ROME – Pope Francis made a surprise visit to a parish on the northwestern edge of Rome on Thursday, after pulling the plug at the last minute on a trip to another parish on the side of town where the unfortunate pastor had announced the pope’s plans on Facebook two days earlier, thereby creating a security situation judged as untenable.
The visit was part of a “school of prayer” called for by Pope Francis in preparation for the jubilee year of 2025, and took place in an open-air courtyard in Rome’s Palmarola neighborhood since St. Bridget’s Parish, which hosted the pontiff, currently doesn’t have a church building and holds Mass in a garage.
One interesting footnote to the visit is the way in which it neatly captured the demography of Catholicism in today’s Italy: While the small crowd of parishioners was almost entirely white and ethnically Italian, the pastor and associate pastor at St. Bridget’s are Congolese and Cameroonian, respectively, both missionary priests who belong to the Spiritan Fathers, formally known as the Congregation of the Holy Spirit.
Father Guy Léandre Nakavoua-Londhet, from Congo Brazzaville, arrived in Italy in 2005. In a 2019 interview, he said that when first disembarked in Rome, he didn’t speak a single word of Italian.
When he was ordained, Nakavoua-Londhet explained, his community asked him to list his top choices for a missionary assignment, and he picked Gabon, Mexico and Réunion Island in the Indian Ocean. Instead they dispatched him to Italy, where he’s served as the pastor at St. Bridget’s ever since.
His associate pastor, Father Francis Tchantcho, is a 40-year-old from Douala in Cameroon who was ordained in 2017, and who’s served at St. Bridget for a year after an earlier missionary stint in Turin in northern Italy.
Nakavoua-Londhet and Tchantcho are representative of the changing face of the priesthood in Italy, which is increasingly dependent on foreign-born clergy.
Once upon a time, Italy was a great exporter of missionaries to the rest of the world.
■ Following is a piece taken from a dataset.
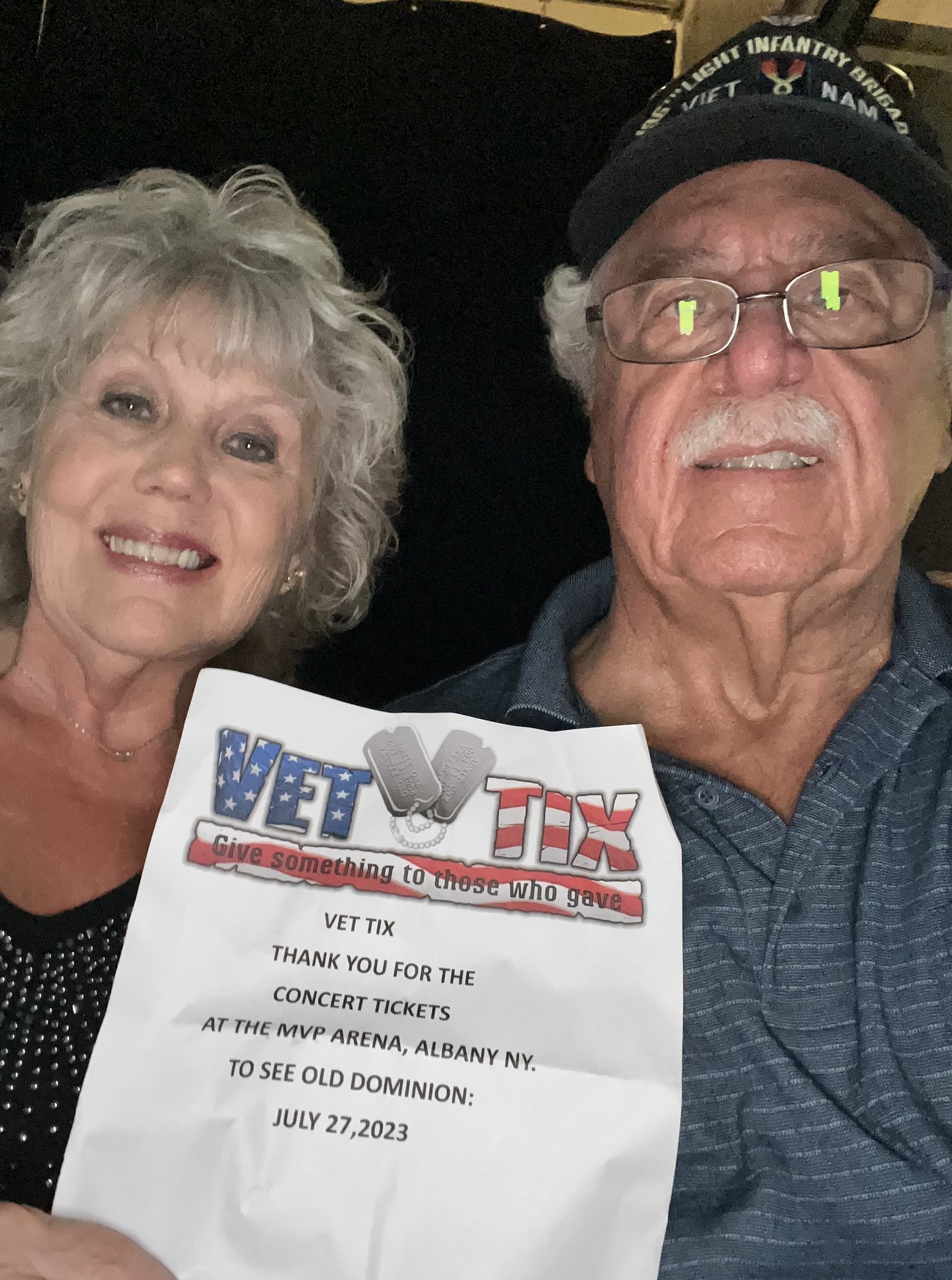 THANK YOU VETTIX.org and the Messina Touring Group for our tickets. The Old Dominion concert was the best!!!! This was the first time we’ve been able to go a concert together and this night out was definitely what we needed. Thanks again, Vet Care Givers

Today, however, according to data from the Italian bishops’ conference, for every one Italian priest serving abroad, there are five foreign-born priests with assignments in Italy.
In 2023, there were 1,476 foreign-born diocesan priests in Italy, 790 of whom were in pastoral work and 686 were students. Those numbers were buoyed by 1,336 religious order priests who also hold diocesan assignments, such as Nakavoua-Londhet and Tchantcho, which brought the total of foreign priests to 2,812, which is almost ten percent of all the Catholic priests in the country.
At the same time, in 2023 there were 282 Italian Donum Fidei priests serving in foreign countries.
Overall, the total number of priests in Italy has fallen by almost twenty percent from 1990, but the number of foreign-priests has soared by tenfold over the last thirty years, rising from a baseline of just 204 in 1990.
Of the 790 foreign-born diocesan priests in Italy in 2023, bishops’ conference data suggested that 407 were from Africa, 134 from Eastern Europe, 164 from Asia and 85 from the Americas, mostly Latin America.
Father Giuseppe Pizzoli, a bishops’ conference official who’s responsible for overseeing agreements between Italian dioceses and dioceses in other countries for priest assignments, said that in theory these agreements are limited to nine years and can’t be renewed, with the idea being that eventually the foreign-born priest will return to service in his home country.
That rule, however, sometimes is more honored in the breach than the observance, Pizzoli said.
“After nine years in Italy, some foreign priests have a hard time going back to their countries, and even the bishop in Italy doesn’t really want to see them go because, in the meantime, they’ve adapted well and acquired important roles and responsibilities,” he said.
Overall, Pizzoli said, 398 diocesan priests from other countries have become incardinated in Italian dioceses since the bishops’ conference started tracking the data.
The trend is not without controversy, given that in general, priest shortages tend to be more acute in the developing world than in the West. In Europe, for instance, there’s one priest for every 1,700 Catholics, but in Africa that ratio is 1 to 5,700, or roughly five times worse.
In some quarters, there’s concern that affluent local churches in the global north are exploiting poorer churches in the south, draining away clergy to fill perceived holes abroad when they’re actually more needed at home.
That was the gist, for instance, of a 2001 document from the Vatican’s then-Congregation for the Evangelization of Peoples, led at the time by Slovenian Cardinal Jozef Tomko, who objected to the growing trend of importing priests from the developing world into Italy.
“Many new dioceses could be created in mission territories with such a number of diocesan priests!” Tomko complained.